L' ancienne synagogue de Sarreguemines
coll. © J. Cahn
Avant la seconde guerre mondiale, notre synagogue se trouvait rue de la Chapelle. C'était un bel édifice en grès des Vosges, datant de 1862 et construit en style "romano-byzantin" sur les plans de l'architecte Desgranges. Sur son côté droit, elle était dotée d'un pavillon qui servait de salle de prières pour les jours de semaine. Sur le flanc gauche, une construction à l'identique était consacrée aux réunions du comité
d'administration ; pour une partie, cette salle était à la disposition du rabbin, le Dr Dreyfus, qui l'utilisait comme vestiaire. C'était là qu'il revêtait sa soutane et son chapeau de rabbin pour le Shabath et les jours de fête.

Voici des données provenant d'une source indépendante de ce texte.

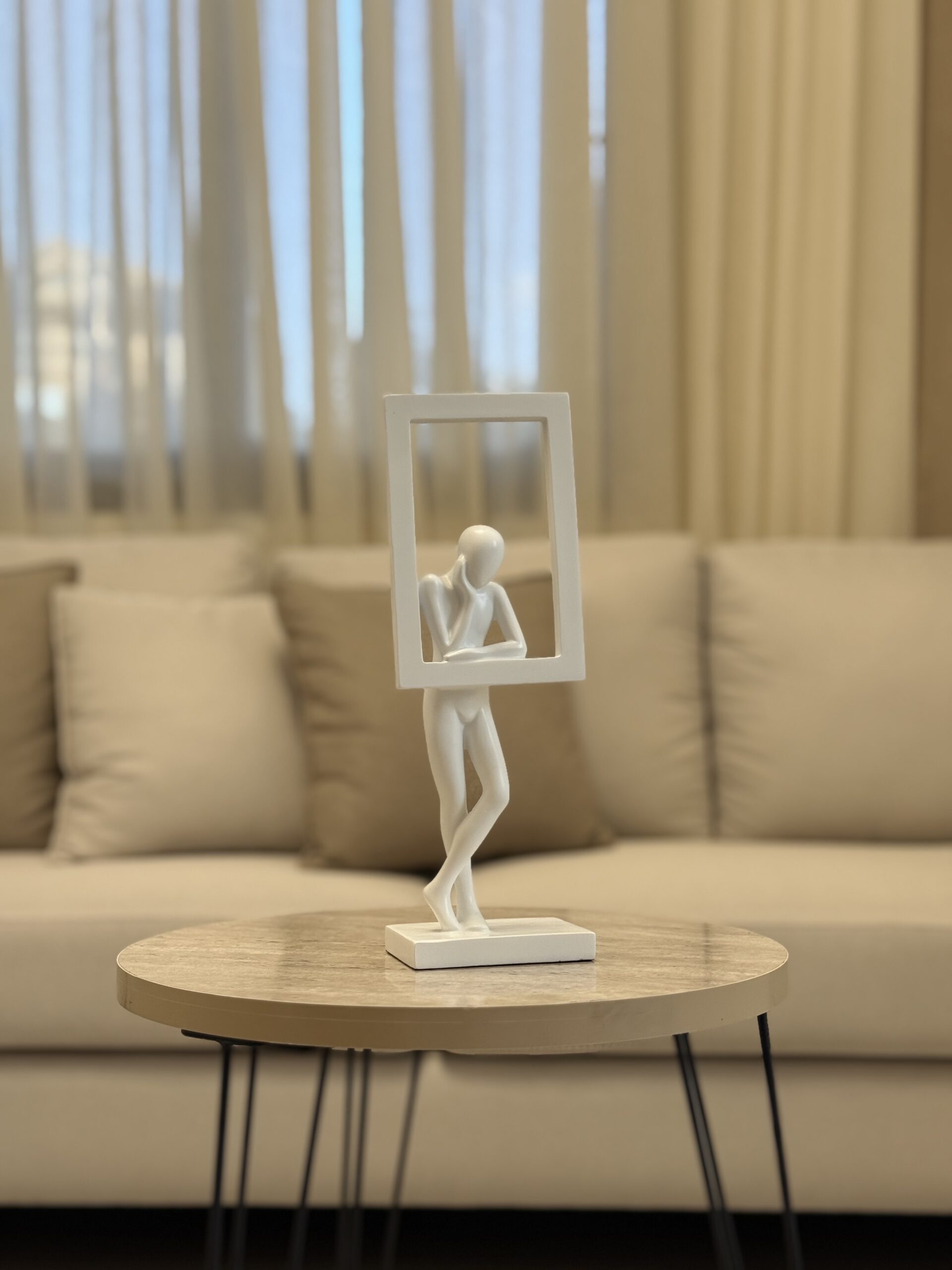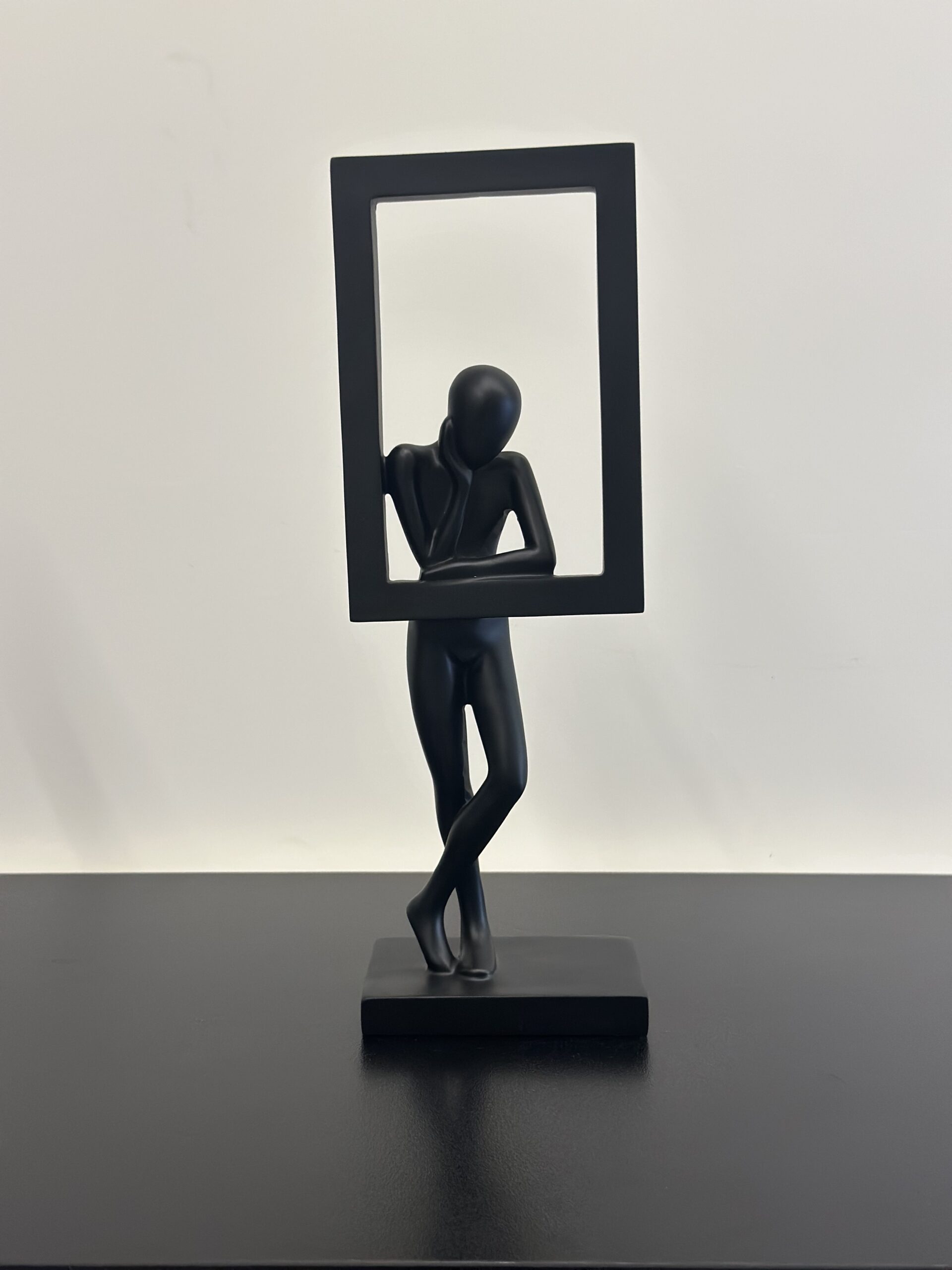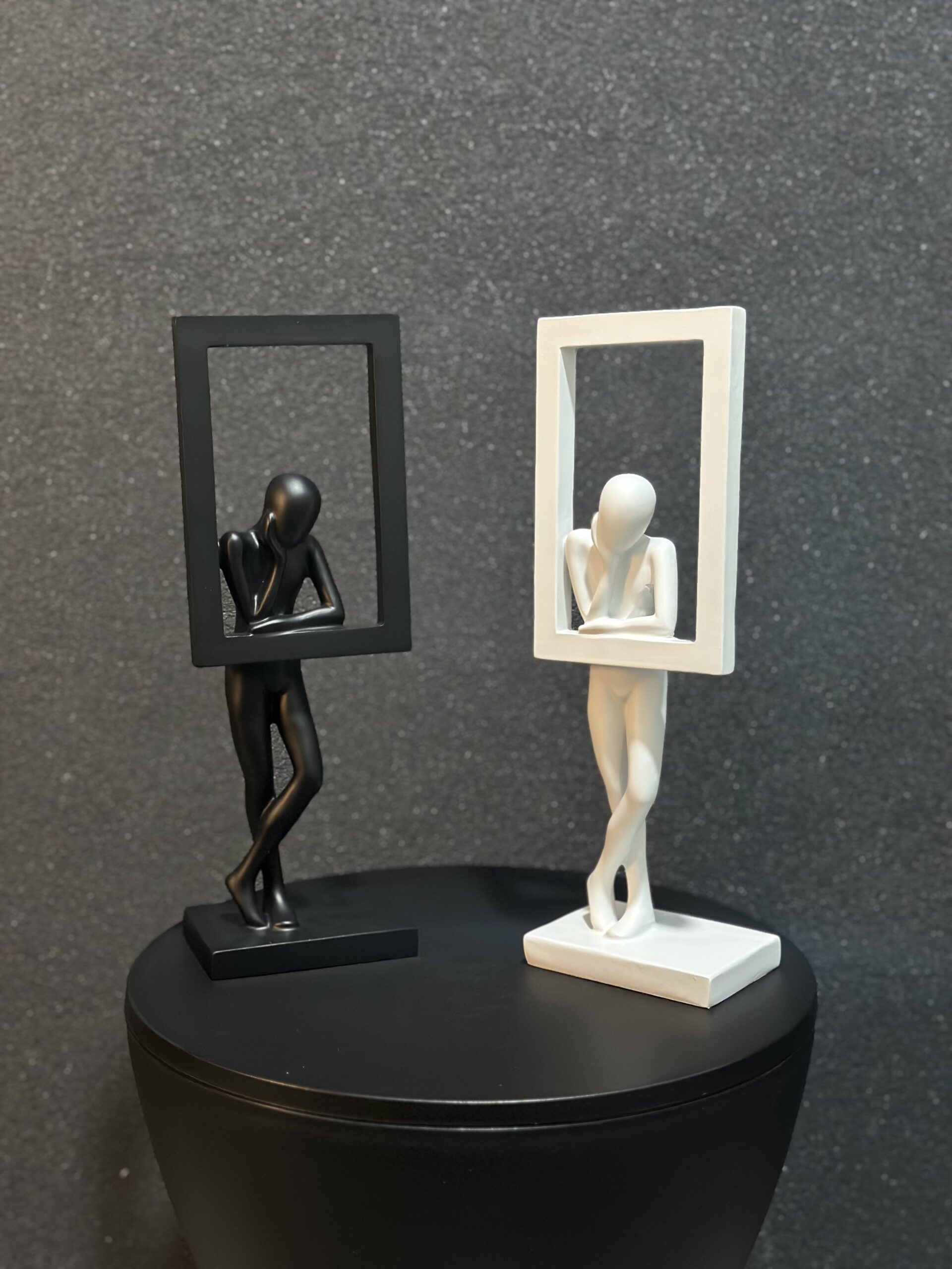 A modern resin sculpture of a man gazing from a window, available in sleek black and white. Its minimalist design adds a contemplative and elegant touch to any living space.
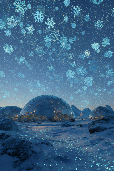 Certains auteurs imaginent un futur où le réchauffement climatique entraîne un dérèglement si violent que les hivers deviennent polaires, dignes d’une ère glaciaire. Les fêtes s’organisent alors dans des abris high-tech, isolés du froid par des dômes de chaleur artificielle.
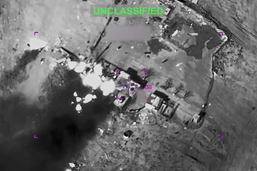 This partially redacted image from video provided by US Central Command shows a complex of structures in Iran being struck by missiles fired by US forces on Sunday, March 1, 2026 (U.S. Central Command via AP)
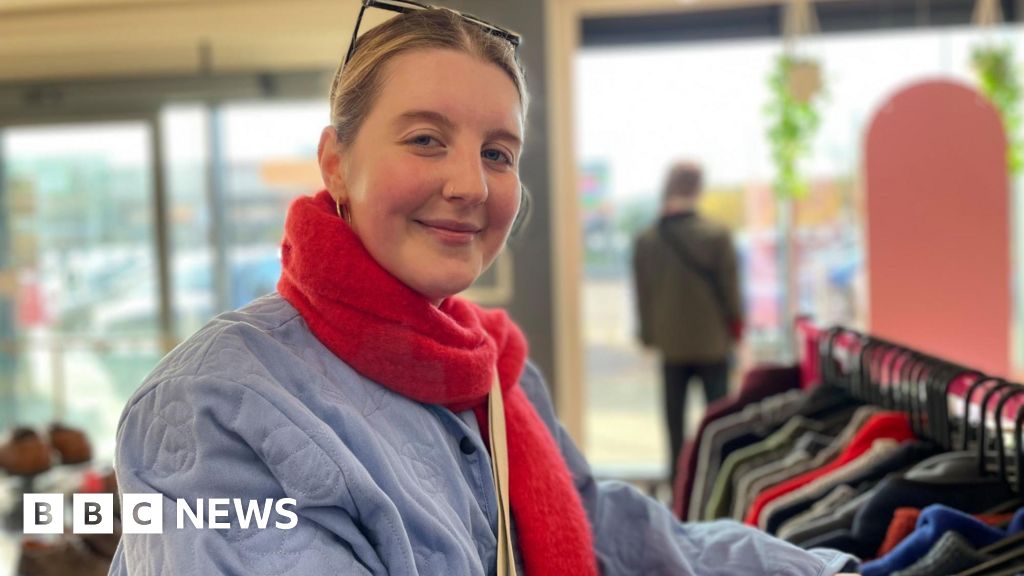 BBC/Simon ThakeAcross the city, those in the Sense charity shop in Hillsborough Barracks can combine a hunt for vintage items with fresh produce at the Morrisons supermarket next door.
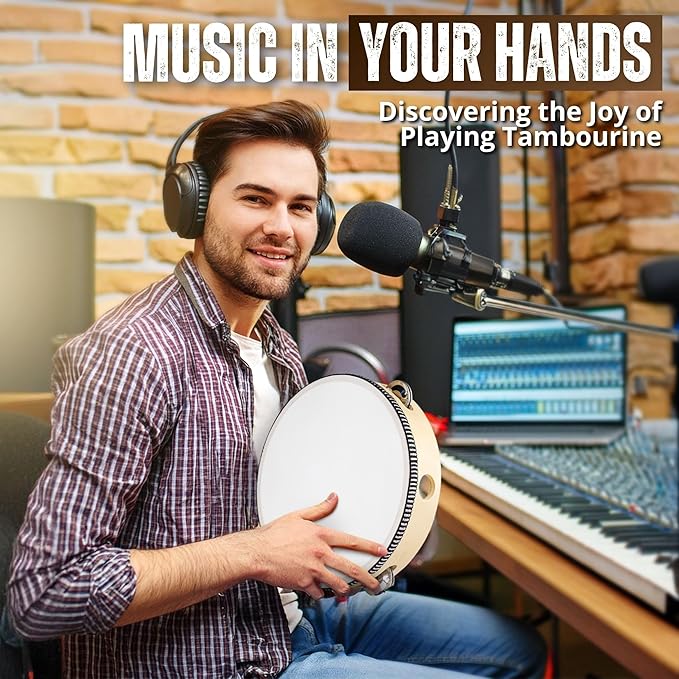 - Set of 2 large and small tambourines - 8" and 6" sizes, with a single-row 4 pairs jingle set for the 6" model, and either a single-row 5 pairs jingle set for the 8" model
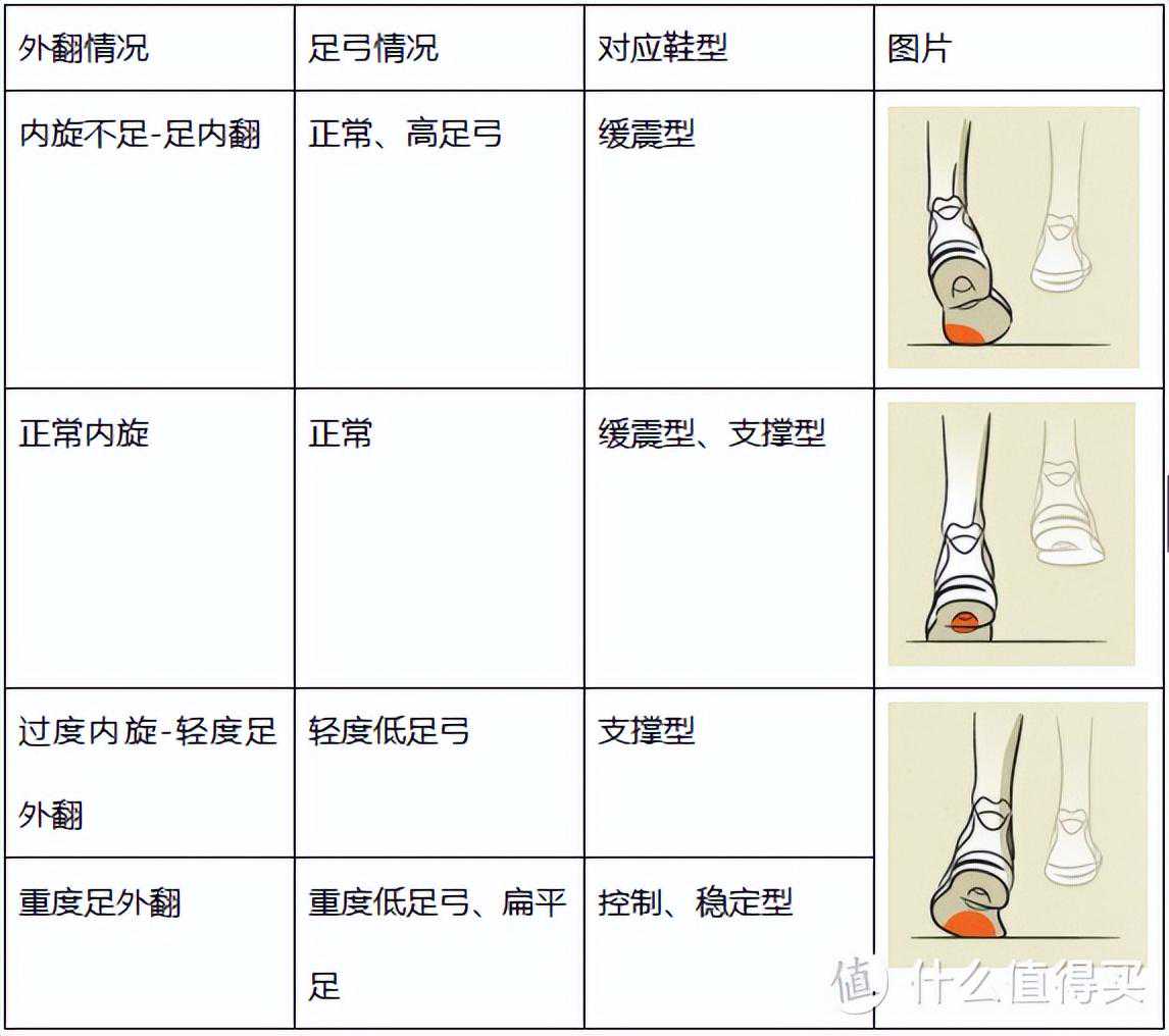 5、足弓类型、跑步时的内旋状况及对应跑鞋类型,参见图5;
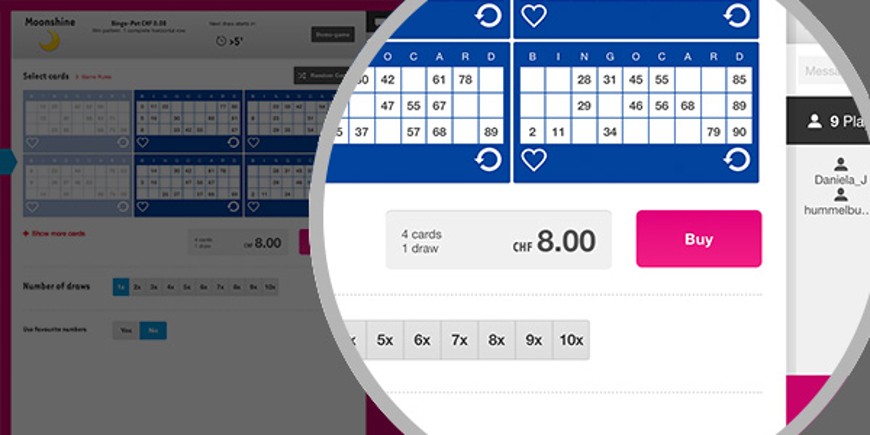 Swisslos Bingo products are available in multiplayer mode and always include a chat function. In an Internet context, the term chat means live online communication via text messages between at least two participants.
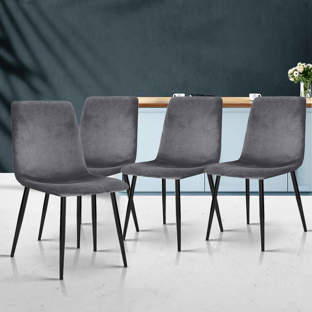 Modern Dining Chair – Set of 4 (Grey Velvet)
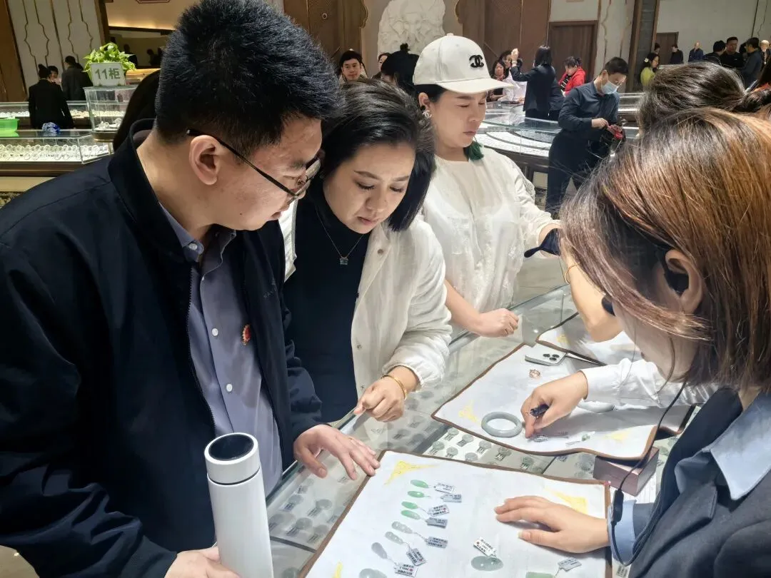 相较于翡翠,黄龙玉价格亲民,性价比突出,因此吸引了大量游客选购,成交氛围热烈。
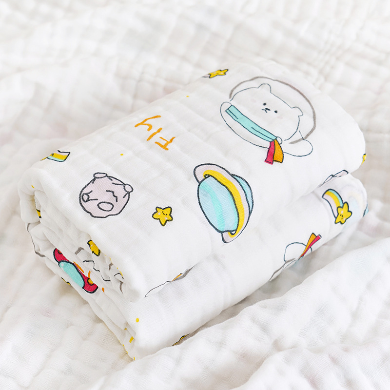 新生児の子供用のベビーガーゼのバスタオルのガーゼの布の布のプリントの漫画の二重の抱っこは毛布の布団をかぶせます。
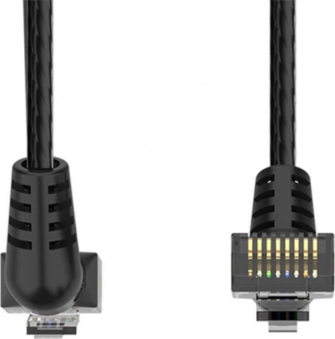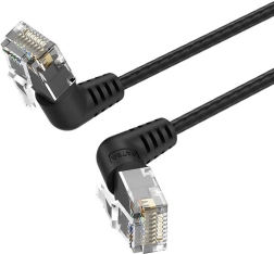 De haakse, volledig draaibare connector past zich aan de aansluitrichting aan, vermindert de belasting van de poort en vergemakkelijkt de installatie achter meubels of in een rack.
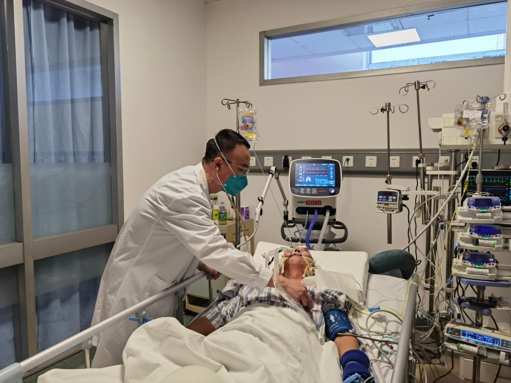 天津市人民医院ICU主任辛绍斌正在查看患者情况。(受访者供图)

A l'entrée de la synagogue, de part et d'autre de la porte, se trouvait un banc réservé aux non-juifs qui venaient assister à l'office du vendredi soir. Le 'hazan Albert Kahn, faisait résonner sa belle voix ; il était accompagné dans son chant par un orgue que tenait le directeur de l'école protestante. Celui-ci venait, accompagné d'un de ses élèves qui était chargé de pomper l'air nécessaire au fonctionnement de l'instrument. Sur l' "almemer" avaient pris place le rabbin, le'hazan et un délégué du comité. Le rabbin veillait à la bonne observation des rites, les "schmouss" et conversations particulières n'étaient pas tolérés !
Lors des "yontef ", des jours de fête, le hazan était accompagné par des choristes comme par exemple : M. Henri Moyse (ténor), employé chez Tissus Cahen, place du Marché ( "Hambacher Boutik" ! Les Cahen étaient originaires de Hambach), M. Max Coblentz, banquier de son état ou encore M. Albert Neher (baryton), commerçant en machines à tricoter et père du
professeur André Neher.

Plus tard, M. Albert Kahn forma une petite chorale de garçons, âgés de plus de 10 ans. Pour récompense de leur participation aux offices, les enfants avaient reçu des "ma'hzorim", livres de prières pour les fêtes, offerts par la communauté. La chorale prit une grande ampleur par la suite avec la participation de jeunes gens et de jeunes filles jusqu'à atteindre un effectif d'une trentaine de personnes. Les répétitions étaient menées par un musicien chef de choeur non-juif, sous la direction du 'hazan Albert
Kahn. La plupart des membres de la kehila, de la communauté, étaient membres payants de la chorale, membres passifs bien sûr. Avec les recettes de ces cotisations, la chorale organisait les soirées dansantes de Simhath Torah ou de Pourim, lesquelles étaient animées par diverses attractions.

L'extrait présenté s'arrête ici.